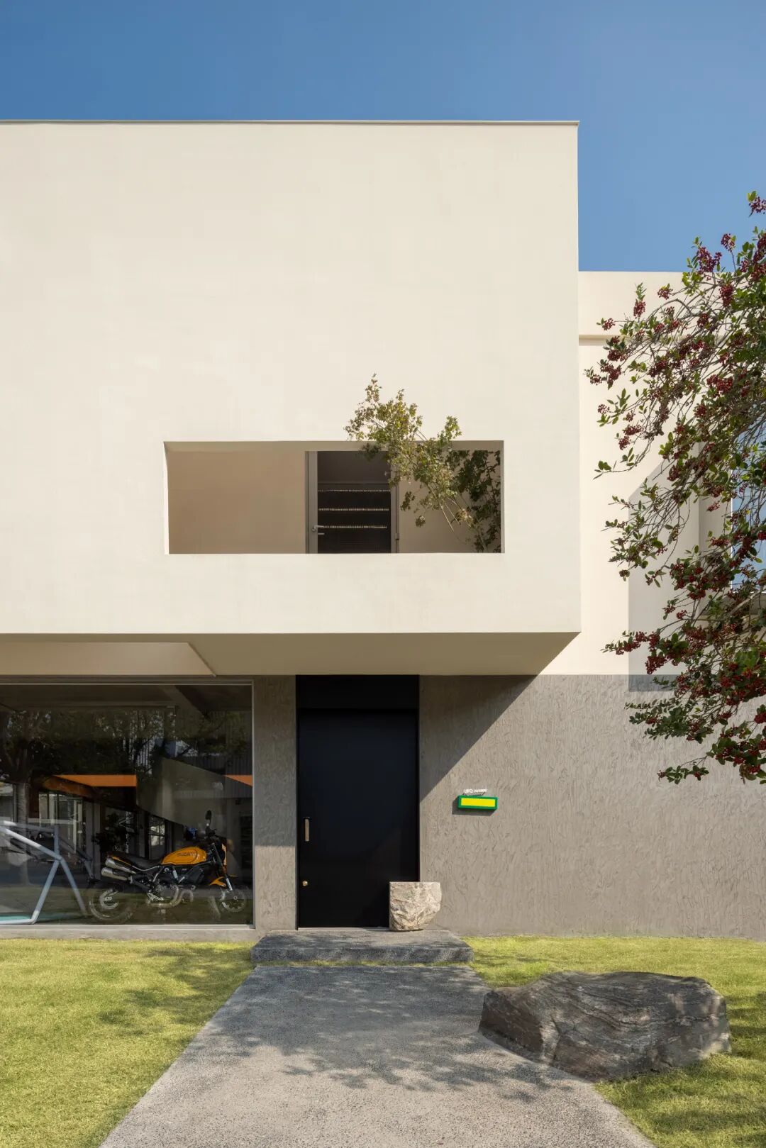 天井之一为旋转楼梯,成为一楼上至二楼的通道,不锈钢与素水泥的搭配,像极了外太空的金属感与未来感,登上楼梯仿佛正在踏上太空飞船。另一个天井开凿在对称位置,将一颗巨大的树干移植至此,从一楼穿过天井探向天空,寓意着生命的探索。
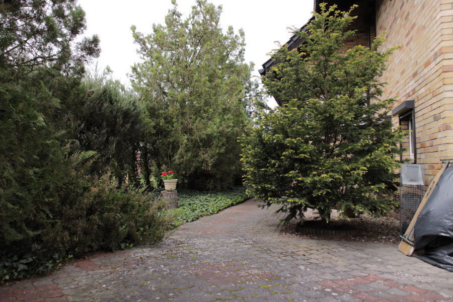 Całość otoczona tujami i iglakami.
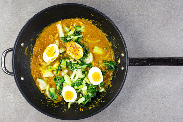 Die Eier längs halbieren, mit dem Pak Choi in die Pfanne geben und vorsichtig mit dem Curry vermengen. Mit Salz und Pfeffer abschmecken und das Curry bei starker Hitze ca. 1Min. aufkochen lassen.
========================================================================
_EXERCISE AIM:_ Copy each line above precisely, dropping the pictures.

_THE ANSWER:_
 天井之一为旋转楼梯,成为一楼上至二楼的通道,不锈钢与素水泥的搭配,像极了外太空的金属感与未来感,登上楼梯仿佛正在踏上太空飞船。另一个天井开凿在对称位置,将一颗巨大的树干移植至此,从一楼穿过天井探向天空,寓意着生命的探索。
 Całość otoczona tujami i iglakami.
 Die Eier längs halbieren, mit dem Pak Choi in die Pfanne geben und vorsichtig mit dem Curry vermengen. Mit Salz und Pfeffer abschmecken und das Curry bei starker Hitze ca. 1Min. aufkochen lassen.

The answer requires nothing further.